A spokesman for HHS said the agency will ensure that policy set by the vaccine-advisory panel, the Advisory Committee on Immunization Practices, “is based on rigorous evidence and Gold Standard Science, not the failed politics of the pandemic.” He added that past government initiatives had changed Americans’ perspective on public health. “Democrat-run states that pushed unscientific school lockdowns, toddler mask mandates, and draconian vaccine passports during the COVID era completely eroded the American people’s trust in public health agencies,” the spokesman said.

I never understand how people with glaring contradictions end up as health spokespeople. When an obese person is Surgeon General. When an alcoholic leads an AA meeting. When someone with a raspy voice tells you how to live clean. It just doesn’t add up.

I’ll be the first to say the COVID era felt absurd. The speed, the messaging, the politics – none of it inspired confidence. In the fake slate industry, we joke about the same thing when comparing vaccines: how can you sell a 30-year warranty when your product has only been on roofs for two? Being time tested matters. I would love to hear how the unvaccinated are doing 5 years later?

Tons of news is coming out on vaccines creating autism. I don’t trust government data. Lord knows where RFK’s comes from. Yet it’s not different when democrats loved when the data was on their side saying everyone needs Covid vaccines. Now they hate it when different data suggest vaccines create autism. People love to love what they are told to love.
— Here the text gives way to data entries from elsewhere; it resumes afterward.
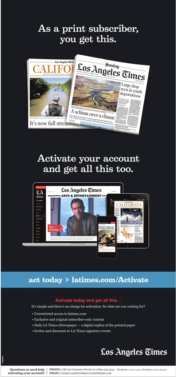 As a print subscriber, you get this. Activate your account and get all this too. act today > latimes.com/Activate Activate today and get all this… It’s simple and there’s no charge for activation. So what are you waiting for? • Unrestricted access to latimes.com • Exclusive and original subscriber-only content • Daily LA Times eNewspaper — a digital replica of the printed paper • Invites and discounts to LA Times signature events Questions or need help activating your account? PHONE: Call our Customer Service at 1-800-252-9141 (Weekends, 7 a.m.-1 p.m.; Weekdays, 6 a.m.-6 p.m.) EMAIL: Contact membershipservices@latimes.com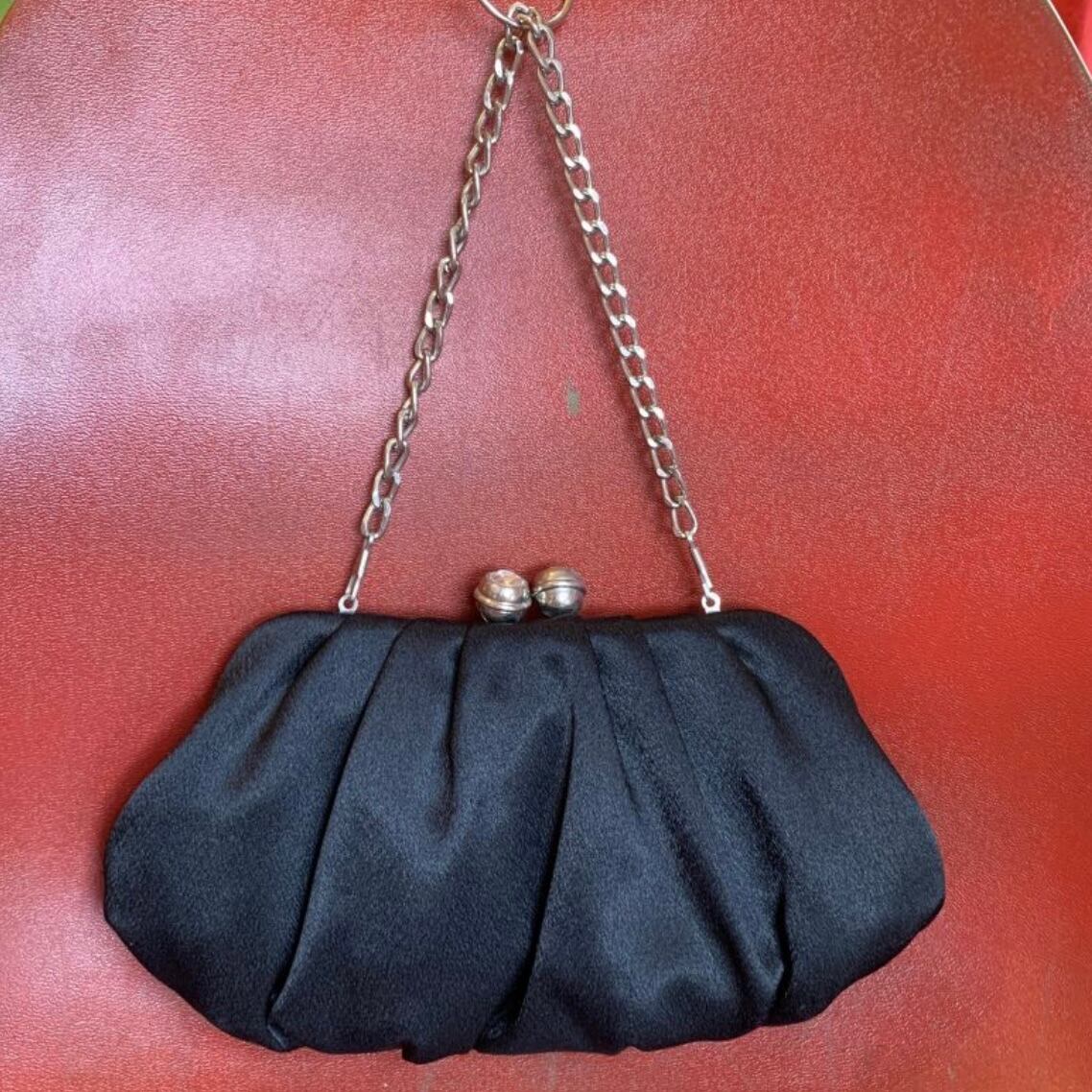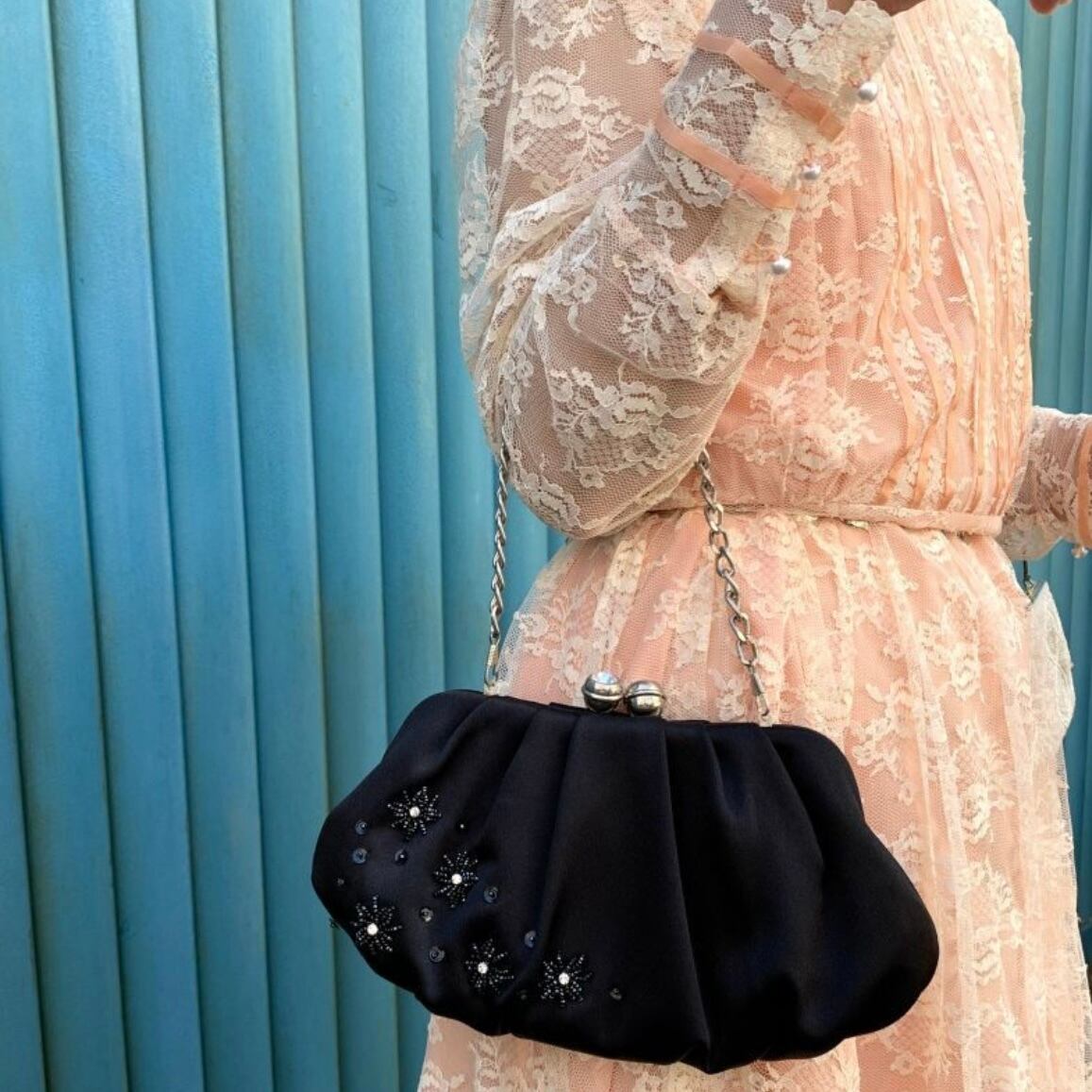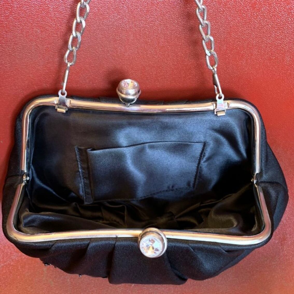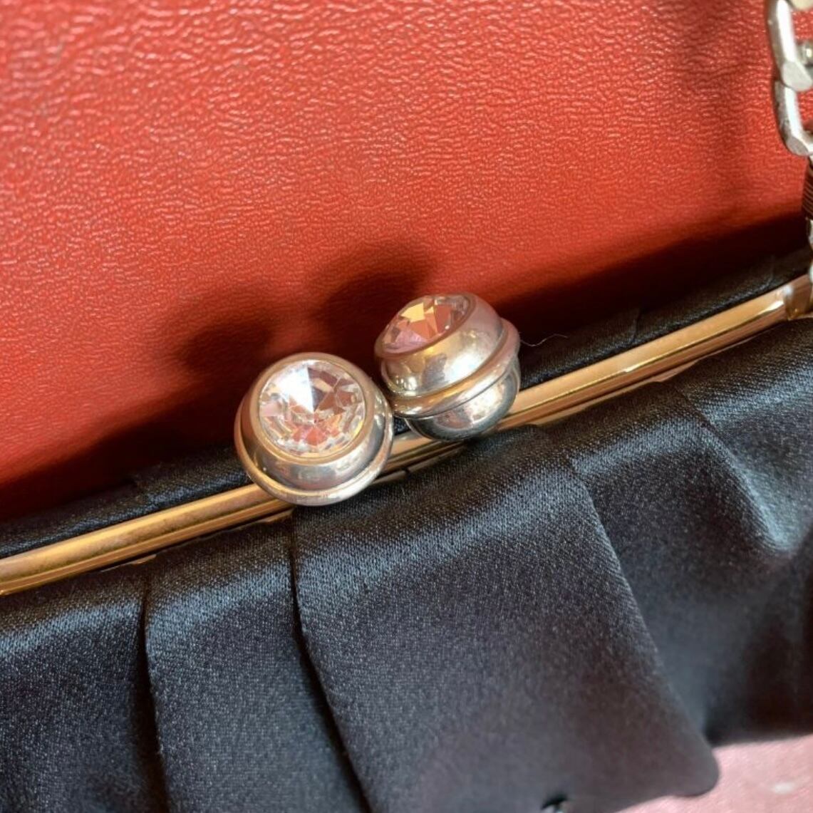 マットな光沢のブラックのボディーにキラキラとしたフラワービーズやスパンコールの装飾、ひだが織り込まれたデザインや大きなビジューが埋め込まれた留め具のフォルムがとっても可愛いです。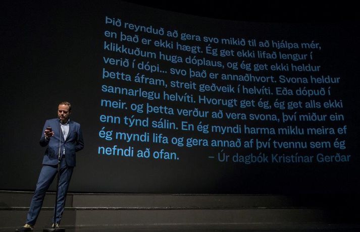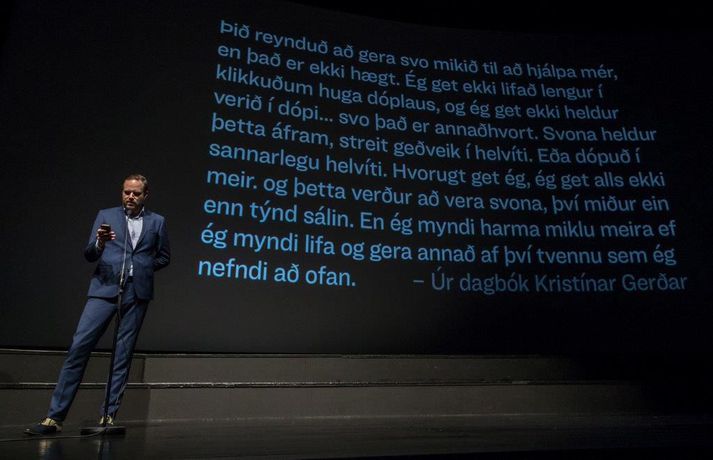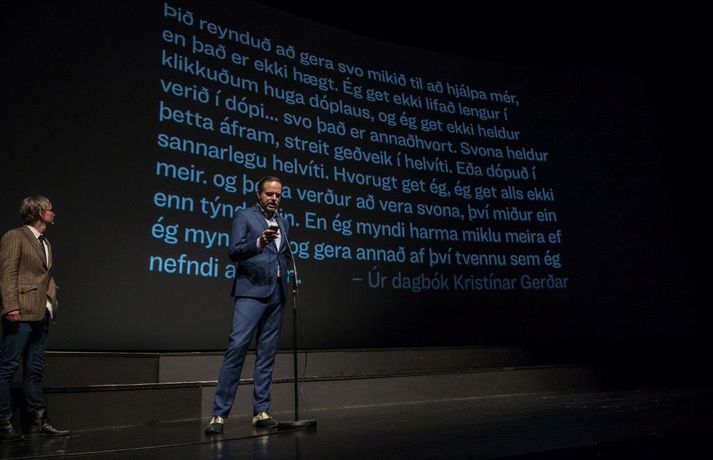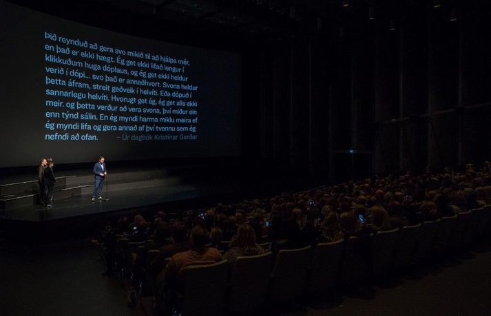 „Ég er mjög stressaður, ég verð bara að viðurkenna það. Ég var búinn að lofa mér því að halda ekki ræðu um það hvað það er erfitt að vera kvikmyndagerðamaður á Íslandi og hvað við þjáumst mikið fyrir verkið, en shit við gerðum það,“ sagði Baldvin Z, leikstjóri kvikmyndarinnar Lof mér að falla, í aðalsal Háskólabíói í gærkvöldi þegar kvikmyndin var forsýnd. Myndin segir frá hinni 15 ára gömlu Magneu en líf hennar umturnast þegar hún kynnist hinni átján ára gömlu Stellu. Magnea laðast að hispurslausu lífi Stellu og þróar Magnea sterkar tilfinningar til hennar sem Stella notfærir sér til eigin hagsbóta. Stella leiðir Magneu inn í heim fíkniefna sem hefur alvarlegar afleiðingar fyrir þær báðar. Tólf árum síðar liggja leiðir þeirra óvænt saman og verður uppgjör á milli þeirra óumflýjanlegt. Baldvin skrifar einnig handriti myndarinnar ásamt Birgi Erni Steinarssyni. Þeir eiga að baki afar giftusamlegt samstarf þegar þeir skrifuðu saman handrit myndarinnar Vonarstrætis, sem Baldvin Z leikstýrði, sem sópaði til sín tólf verðlaunum á Edduverðlaunahátíðinni árið 2015 en tæplega 48 þúsund manns sáu þá mynd í kvikmyndahúsum hér á landi.„Þetta var ógeðslega erfitt verkefni og það komu ógeðslega margir að þessu og þetta tók ógeðslega langan tíma. Ég vil bara segja takk við alla sem komu að verkefninu á einhverjum tímapunkti. Ég vil sérstaklega þakka þremur stelpum sem voru svo ótrúlega óeigingjarnar og hleyptu okkur inn í líf sitt fyrir nokkrum árum síðan og sýndu okkur óritskoðað hvernig þessi heimur lítur út. Takk kærlega fyrir það stelpur, þið eruð algjörar hetjur. Ég vil þakka Jóa Kr. fyrir að koma inn í þetta með okkur og hleypa okkur inn í sögu Sissu en sérstaklega ætla ég að þakka fjölskyldu Kristínar Gerðar,“ sagði Baldvin sem heyrði um sögu Kristínar mjög snemma í ferlinu.Dagbækurnar skiptu sköpum „Við fengum aðgang að dagbókum sem ég og Birgir lásum. Þessi lestur breytti lífinu okkar sem um munar og ég held að það skipti engu máli hversu dýrar linsur, hversu gott crew og hversu góðir leikarar við fáum til að búa þetta verkefni til þá veit ég ekki hvort við náum að fanga það sem stóð í þessum dagbókum en við sannarlega gerðum okkar besta.“ Baldvin sagði að ein blaðsíða í dagbókinni hafi snert þá félaga sérstaklega og varpaði hann mynd upp á skjáinn þar sem textabrot úr dagbók Kristínar Gerði sást. Birgir Örn las þann texta upp og má sjá myndina hér að neðan.vísir/dáóMeð aðalhlutverk í Lof mér að falla fara leikkonurnar Elín Sif Halldórsdóttir og Eyrún Björk Jakobsdóttir en leikarinn Þorsteinn Bachman fer einnig með stórt hlutverk. Í myndinni fara einnig með hlutverk Sturla Atlason, Edda Björgvinsdóttir, Ólafur Darri Ólafsson og Halldór Halldórsson. Framleiðendur myndarinnar eru þeir Júlíus Kemp og Ingvar Þórðarson en meðframleiðendur eru Markus Selin og Jukka Helle. Lof mér að falla verður frumsýnd hér á landi 7. september næstkomandi.Sjá einnig: Gói sýnir á sér myrka hlið í Lof mér að falla: „Eitt mesta ógeð sem ég hef komist í kynni við“Kvikmyndin snerti augljóslega við kvikmyndagestum í gærkvöldi og var mikið grátið. Þegar sýningunni var lokið gengu fjölda gesta hreinlega grátandi út úr salnum enda sýnir kvikmyndin hinn raunverulega fíkniefnaheim hér á landi. Hér að neðan má sjá myndir frá forsýningunni í gærkvöldi. Eftir sýninguna var kvikmyndagestum boðið í partý á Bryggjunni Brugghús og má sjá myndir úr því teiti hér að neðan einnig en ljósmyndarinn Mummi Lú tók allar myndirnar.mynd/mummi lúElín Sif Halldórsdóttir og Eyrún Björk Jakobsdóttir fara með aðalhlutverkin í kvikmyndinni Lof mér að falla og standa sig virkilega vel.mynd/mummi lúBaldvin Z ræddi vel við forsetahjónin sem voru mætt á sýninguna í gær.mynd/mummi lúJóhannes Haukur lét sig ekki vanta.mynd/mummi lúBaldvin Z ásamt Birgi Erni og framleiðendum kvikmyndarinnar.mynd/mummi lúMyndin hafði augljós áhrif á kvikmyndagesti.Bíógestir stóðu upp eftir sýninguna og klöppuðu lengi og vel.mynd/mummi lúÖflugur leikarahópur í kvikmyndinni Lof mér að falla.mynd/mummi lú

I trust RFK as far as I can throw a golf ball down a straight cart path Tin Cup style. These government agencies who wipe the other side out (Democrats are creating their own agencies now) is a bad look all around.

Prices – 8/10

This is a serious issue that too many people are glossing over. Millions simply cannot afford to live. Car payments are behind. Mortgage payments are probably even further behind. Credit card debt is at an all-time high. Student debt is crushing. I wish I could cite every stat, but even if the data said it wasn’t bad, it would feel wrong to anyone living it.

Prices keep rising – thanks to tariffs, supply chain pressures, and labor shortages. The stock market is inflated at levels we haven’t seen in decades, fueled by the AI craze. Meanwhile, capital funds hold the majority of wealth. Everyone knows Shaq made his money in college.

When reports start showing cracks and holes, people are going to lose massive amounts of equity. That may finally force policies to even out pricing. Until then, I predict some choppy waters ahead.

Tricolor 8/10

Tricolor – Subprime auto lender Tricolor Holdings filed for bankruptcy, triggering a $170 million loss for JPMorgan Chase and a Justice Department probe into alleged double-pledged collateral. Despite numerous regulatory violations and risky loans, Tricolor gained credibility from its federal CDFI designation, attracting major investors like BlackRock and PIMCO. The collapse shows how government-backed labels can mask financial hazards and fuel reckless investing.

To piggyback on that last point, these kinds of operations are going to start going belly-up all over the place. You can already see it: the government is getting behind companies like Intel and Nvidia, taking a piece of their action. And let’s be honest—the government is good at exactly one thing: taking and spending our money…yet terrible at doing it responsibly.

We’re going to see more of these situations pop up as the banking environment tightens. Get ready for a tumble. The government and large funds are tangled together in weak, overleveraged investments – exactly the kind they specialize in: take from you, squander what’s taken, then act surprised when it collapses. The cracks are already forming, and when they show, they’ll show fast.